Tapeworms. E. canadensis, E. granulosus, E. multilocularis, E. vogeli. Echinococcus oligarthrus, Echinococcus shiquicus, Echinococcus equinus, Echinococcus ortleppi.
Eating dog or other carnivore poop. Really. Dog poop carries the tapeworm and is on the food when you eat it. E. granulosis E. multilocularis: Sheep, goats, camels, and horses. World wide distribution.E. canadensis is found in Alaska and N. Canada (PubMed); moose and elk most important intermediate hosts; dogs and wolves the definitive hosts.
Hydatid cyst disease, with liver involvement > lung > greater than other organs.
Most problems are due to mass action of the cysts; sudden rupture can lead to death from anaphylaxis. Percutaneous sampling of a cyst is probably much safer than a spontaneous rupture during a rugby game.
As a systematic review put it "Lethal anaphylaxis occurred in 0.03% of PT procedures, corresponding to 0.04% of treated cysts, while reversible allergic reactions complicated 1.7% of PTs, corresponding to 1.8% of treated echinococcal cysts.
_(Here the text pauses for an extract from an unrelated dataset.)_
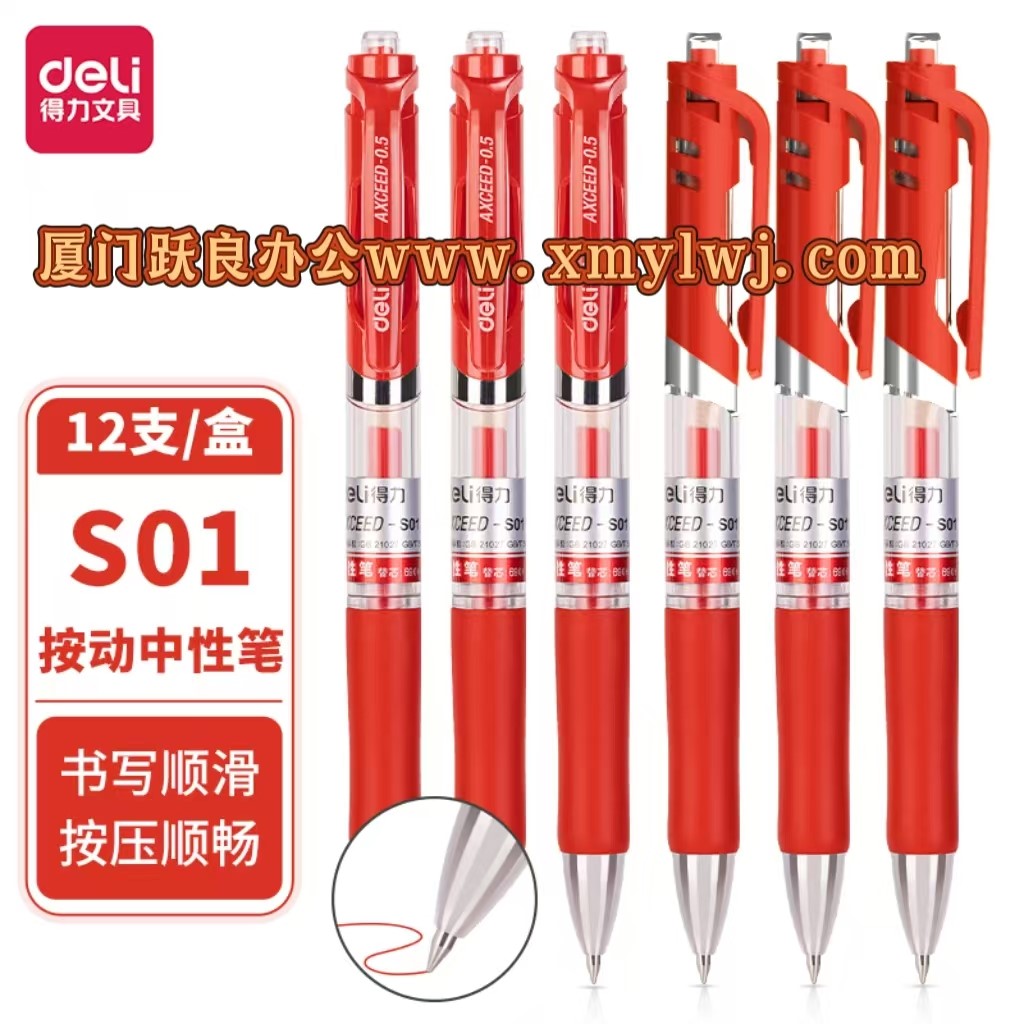 | 得力S01按动中性笔/红/0.5 | |

Analysis of the literature shows that lethal anaphylaxis related to percutaneous treatment of CE is an extremely rare event and is observed no more frequently than drug-related anaphylactic side effects."
Asymptomatic cysts should be observed. If symptomatic, removal by someone who know what they are doing. Medical therapy (without drainage) includes albendazole (preferred) or mebendazole for prolonged periods; there are a variety of regimens. Probably not curative (about 50%).
Directions for removal of hydatid cysts, visualize the cyst, remove some fluid, and inject a cysticidal agent, hypertonic (30%) saline, iodophor, or 95% ethanol wait 30 minutes then remove all the fluid. This has been done under CT (preferred) as well as in the operating room.
It has been found in 8000 year old human remains.